= EXERCISE =
Look through the records below for the line with "Son couscous est". Return that line and each one after it up to and including the line with "Flower Engravings Plain", exactly.

= AVAILABLE RECORDS =
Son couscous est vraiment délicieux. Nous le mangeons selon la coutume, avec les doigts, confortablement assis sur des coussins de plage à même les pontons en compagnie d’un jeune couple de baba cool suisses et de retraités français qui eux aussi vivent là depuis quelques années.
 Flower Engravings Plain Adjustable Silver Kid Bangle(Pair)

...

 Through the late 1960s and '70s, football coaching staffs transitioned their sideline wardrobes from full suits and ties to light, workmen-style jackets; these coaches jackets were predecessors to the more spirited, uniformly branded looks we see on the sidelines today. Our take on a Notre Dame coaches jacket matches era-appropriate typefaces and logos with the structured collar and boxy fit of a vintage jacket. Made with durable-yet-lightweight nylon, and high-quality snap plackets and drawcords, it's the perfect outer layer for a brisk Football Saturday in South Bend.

---

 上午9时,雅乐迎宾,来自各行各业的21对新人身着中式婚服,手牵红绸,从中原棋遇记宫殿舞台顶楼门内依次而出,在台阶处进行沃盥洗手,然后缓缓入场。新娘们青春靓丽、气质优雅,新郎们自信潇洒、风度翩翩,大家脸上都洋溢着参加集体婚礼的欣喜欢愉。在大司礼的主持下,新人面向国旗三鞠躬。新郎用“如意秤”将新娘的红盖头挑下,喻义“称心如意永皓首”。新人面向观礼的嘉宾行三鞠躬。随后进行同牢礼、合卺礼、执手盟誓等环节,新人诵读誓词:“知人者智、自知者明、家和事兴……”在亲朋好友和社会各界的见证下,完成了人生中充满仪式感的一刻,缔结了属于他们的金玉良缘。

= WRITTEN RESPONSE =
Son couscous est vraiment délicieux. Nous le mangeons selon la coutume, avec les doigts, confortablement assis sur des coussins de plage à même les pontons en compagnie d’un jeune couple de baba cool suisses et de retraités français qui eux aussi vivent là depuis quelques années.
 Flower Engravings Plain Adjustable Silver Kid Bangle(Pair)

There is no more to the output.